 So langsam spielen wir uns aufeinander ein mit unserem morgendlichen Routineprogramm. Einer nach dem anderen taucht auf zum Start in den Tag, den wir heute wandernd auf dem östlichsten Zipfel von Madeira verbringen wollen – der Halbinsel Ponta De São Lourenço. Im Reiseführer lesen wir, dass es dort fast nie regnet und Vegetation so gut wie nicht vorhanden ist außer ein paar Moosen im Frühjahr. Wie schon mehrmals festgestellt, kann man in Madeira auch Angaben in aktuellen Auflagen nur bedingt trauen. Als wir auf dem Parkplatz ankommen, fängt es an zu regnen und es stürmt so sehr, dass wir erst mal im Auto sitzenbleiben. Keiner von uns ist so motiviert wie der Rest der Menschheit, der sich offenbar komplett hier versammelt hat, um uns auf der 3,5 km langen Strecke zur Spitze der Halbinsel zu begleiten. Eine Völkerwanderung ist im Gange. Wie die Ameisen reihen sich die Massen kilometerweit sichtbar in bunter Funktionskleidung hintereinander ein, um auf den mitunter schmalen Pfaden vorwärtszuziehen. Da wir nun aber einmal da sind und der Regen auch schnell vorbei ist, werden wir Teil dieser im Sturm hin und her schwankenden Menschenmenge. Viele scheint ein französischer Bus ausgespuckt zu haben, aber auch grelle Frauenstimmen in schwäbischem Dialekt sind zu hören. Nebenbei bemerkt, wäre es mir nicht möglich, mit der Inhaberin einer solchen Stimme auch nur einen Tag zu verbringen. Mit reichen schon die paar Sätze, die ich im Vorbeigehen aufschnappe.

┄┄┄┄┄┄

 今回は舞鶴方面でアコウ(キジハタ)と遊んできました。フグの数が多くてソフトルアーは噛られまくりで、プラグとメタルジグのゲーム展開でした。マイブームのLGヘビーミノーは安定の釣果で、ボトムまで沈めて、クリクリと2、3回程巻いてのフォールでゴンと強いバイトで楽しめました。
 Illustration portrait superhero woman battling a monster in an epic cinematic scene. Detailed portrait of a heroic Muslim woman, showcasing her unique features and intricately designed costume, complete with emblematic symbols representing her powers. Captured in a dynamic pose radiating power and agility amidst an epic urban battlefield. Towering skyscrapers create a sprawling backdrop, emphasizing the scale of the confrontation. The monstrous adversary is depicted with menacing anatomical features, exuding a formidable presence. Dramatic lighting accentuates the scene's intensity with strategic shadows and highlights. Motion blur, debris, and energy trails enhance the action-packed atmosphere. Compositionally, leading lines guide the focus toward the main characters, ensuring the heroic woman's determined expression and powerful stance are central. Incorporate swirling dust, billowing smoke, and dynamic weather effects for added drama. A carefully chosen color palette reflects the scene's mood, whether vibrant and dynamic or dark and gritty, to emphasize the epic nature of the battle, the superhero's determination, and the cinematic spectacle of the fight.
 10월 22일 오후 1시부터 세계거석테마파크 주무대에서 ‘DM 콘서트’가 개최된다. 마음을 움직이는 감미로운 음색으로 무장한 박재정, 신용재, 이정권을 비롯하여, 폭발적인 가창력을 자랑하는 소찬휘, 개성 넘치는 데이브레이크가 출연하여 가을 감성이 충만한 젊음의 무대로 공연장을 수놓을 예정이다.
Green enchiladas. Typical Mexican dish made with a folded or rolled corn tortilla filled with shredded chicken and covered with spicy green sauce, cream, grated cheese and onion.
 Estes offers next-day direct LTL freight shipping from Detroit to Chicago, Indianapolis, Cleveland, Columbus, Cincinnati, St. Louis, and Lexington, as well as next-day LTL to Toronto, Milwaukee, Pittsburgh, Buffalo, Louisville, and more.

┄┄┄┄┄┄

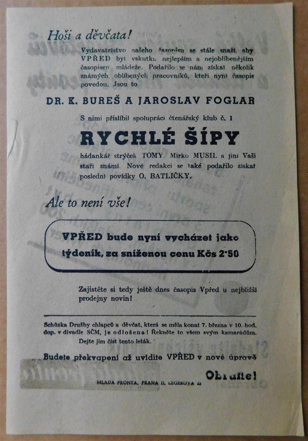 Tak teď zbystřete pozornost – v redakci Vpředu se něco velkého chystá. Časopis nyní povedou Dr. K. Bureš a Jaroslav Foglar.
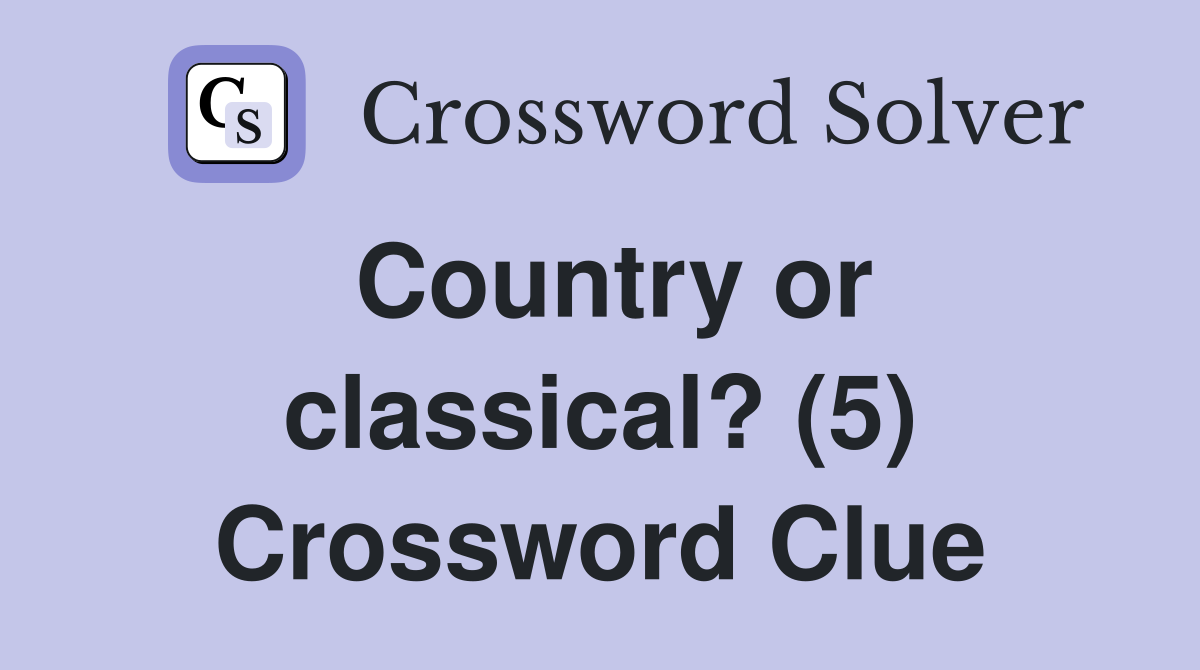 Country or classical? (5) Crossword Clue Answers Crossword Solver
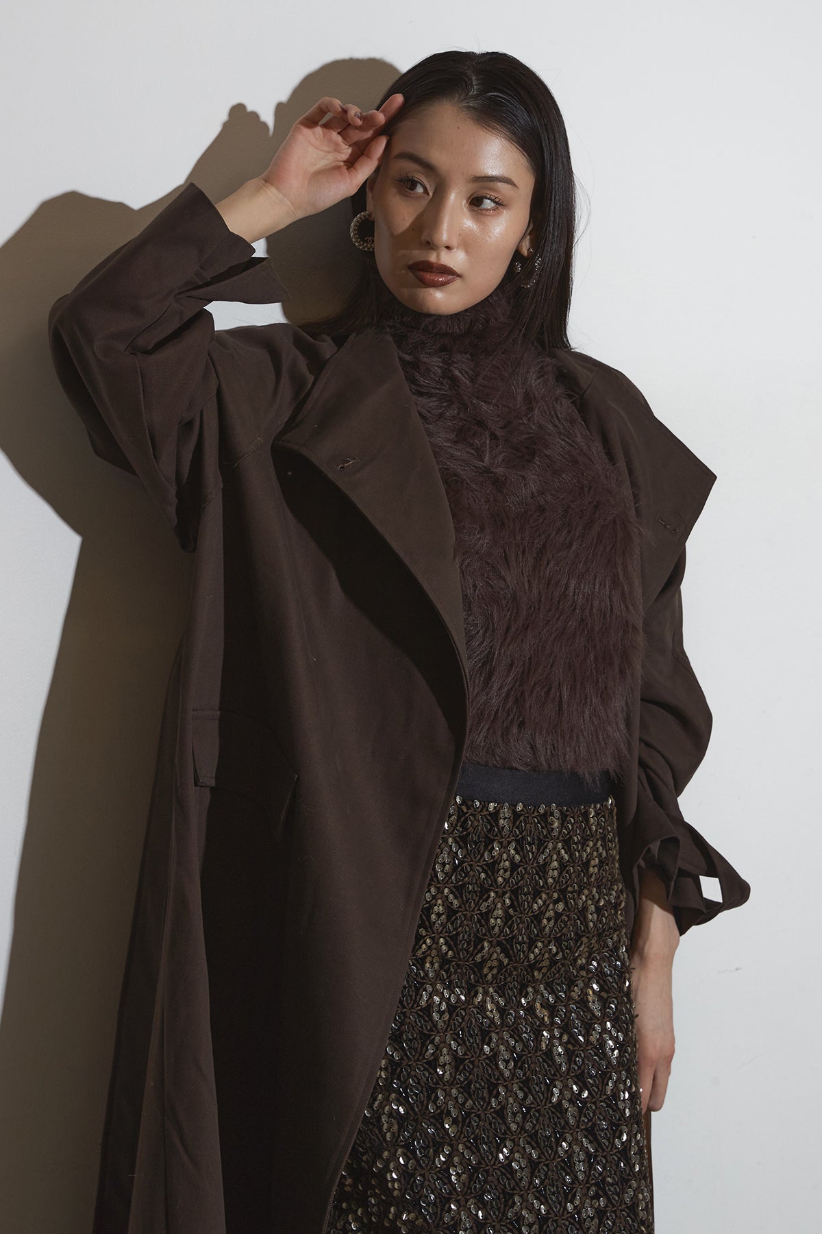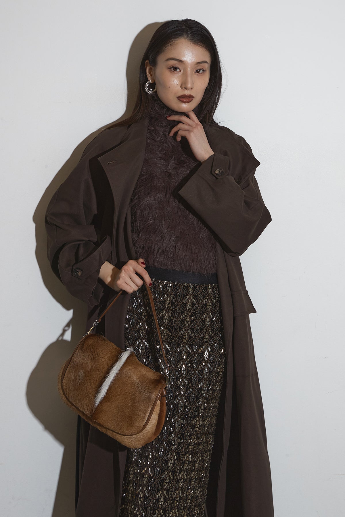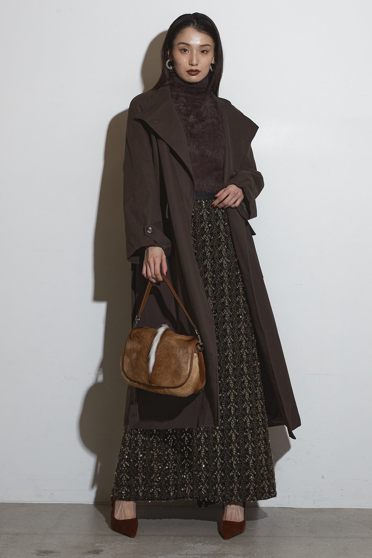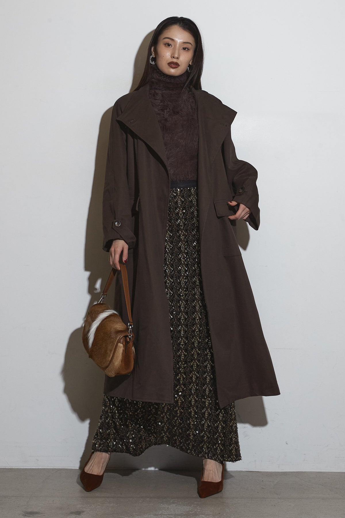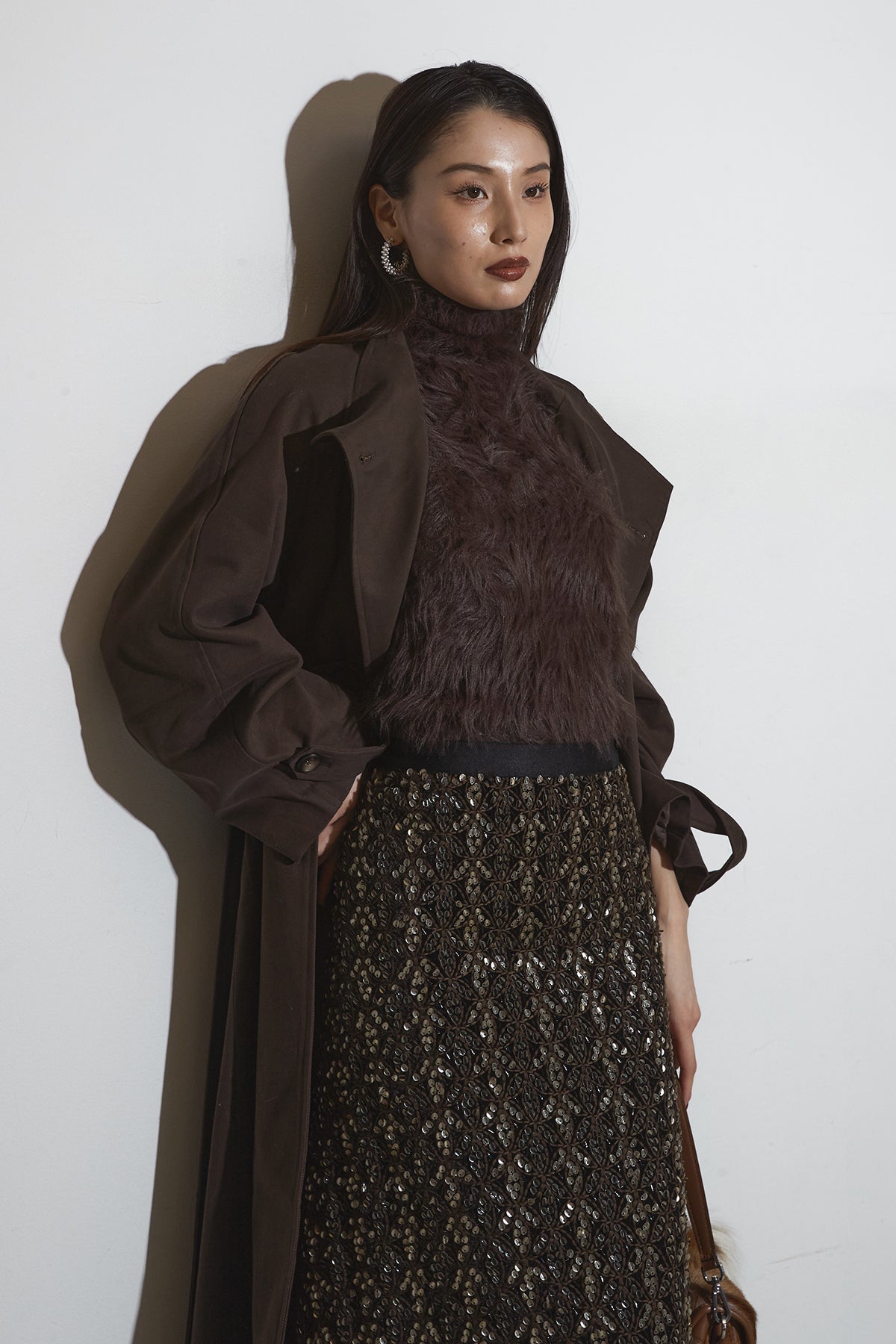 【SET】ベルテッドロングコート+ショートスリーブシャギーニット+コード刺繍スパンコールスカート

┄┄┄┄┄┄

▶ _Your assignment_
Report the number of lines in the listing that contain the word "with". No other words are permitted.

▶ _Response area_
2